Вот еще что произошло. У нас очень медленное, я бы сказал, взросление. Формирование нижнего слоя не совпадало по скорости с тем, что было необходимо для страны. Это должно было гораздо более активно стимулироваться для того, чтобы произошло поднятие. А верхнему слою тоже можно предъявить свой счет, потому что наши кухонные разговоры и все наши проекты, все наши недовольства тем, что у нас происходит, кончались лишь вздохом: «Эх, если бы!.. Вот если бы…»

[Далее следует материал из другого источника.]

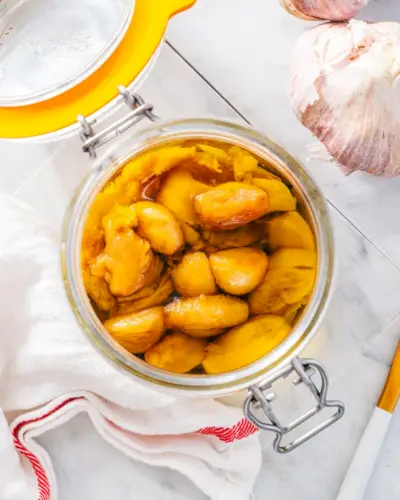 Ecco un condimento straordinario: confit di aglio! La cottura lenta degli spicchi d'aglio nell'olio li fa dorare e fa risaltare un sottile sapore di aglio assolutamente divino. Puoi utilizzare il barattolo in due modi: schiacciare l'aglio tenero su crostini di pane come antipasto spalmabile, oppure utilizzare l'olio infuso per cucinare. Aggiungilo a salsa per pizza , vinaigrette o usatelo per saltare: il cielo è il limite!
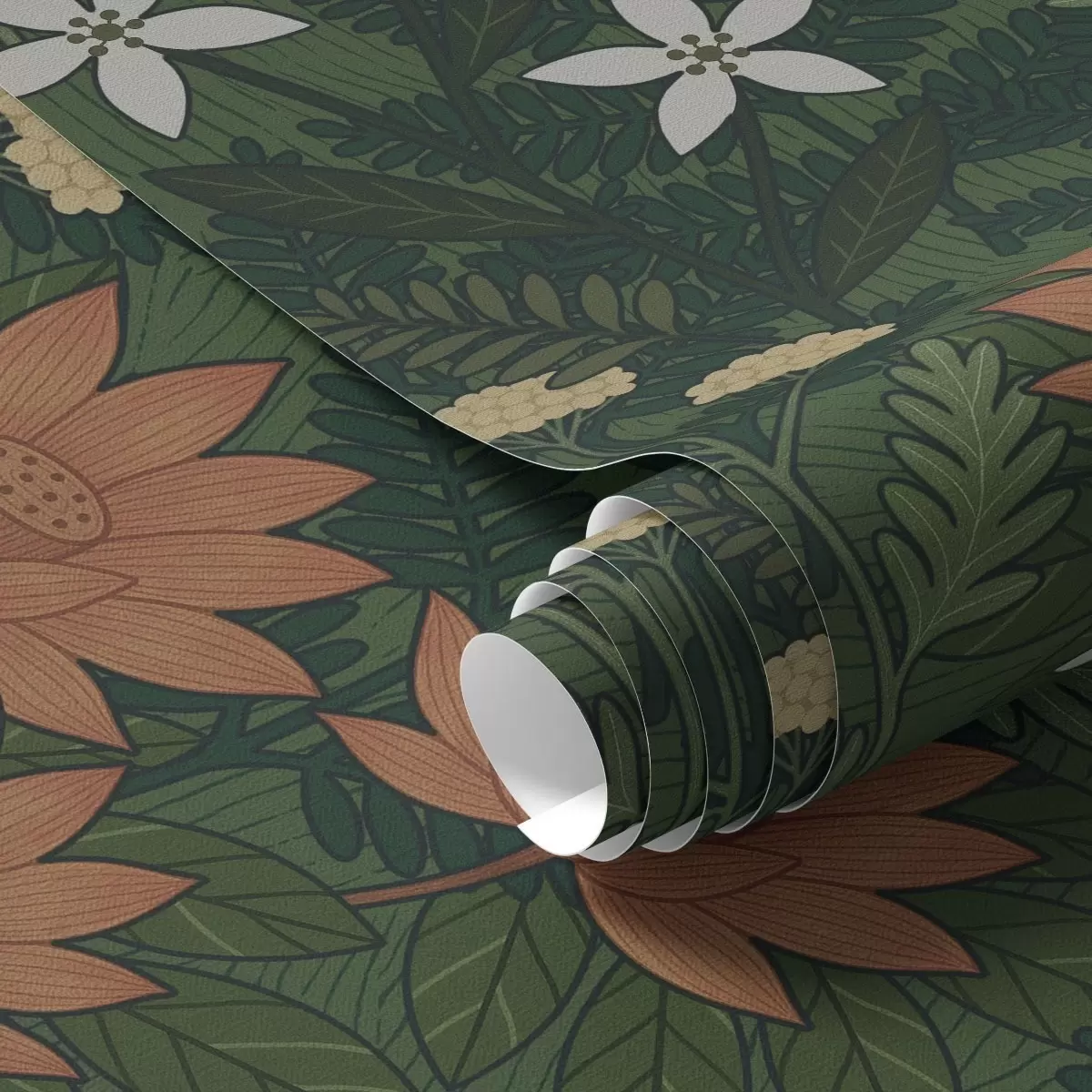 Tapete Große Blumen zwischen grünem Laub, dekorative Komposition Nr. a00708

Фактически к перестройке мы пришли с единственным – я уверяю, с единственным! – проектом Конституции, сахаровским. Не было ни одной другой альтернативной концепции, которая бы предложила что-нибудь взамен сталинской Конституции. Не было ни одной разработанной экономической программы. То, что проводил Гайдар и все его сокурсники по Бостонским или американским прописям, может быть, это было бы замечательно для протестантской страны, но это совершенно не ложилось на мораль и нашей правящей верхушки, и, в общем-то, развращенных низов. Развращенных поневоле, прошедших через лагеря, через тюрьмы – не только политические, но и уголовные. Страна наполовину была уголовная.

И оказалось, что нечего предъявить как альтернативу. Все делалось вслепую, приворовывалось всегда – это не новость, это Карамзин сказал, что воруют, вот только те масштабы, в которых у нас начали воровать, уже затмили любых временщиков времен Екатерины. И в результате, фактически, все, что произошло в девяностые годы – это результат разрыва, который существовал в обществе всегда, к сожалению. У нас не было вот той постепенности всех тех страт, как говорят социологи, которые бы соединяли верхи с низами – не только, повторяю, в государственном устройстве, но и в интеллектуальном, в образовательном плане и так далее.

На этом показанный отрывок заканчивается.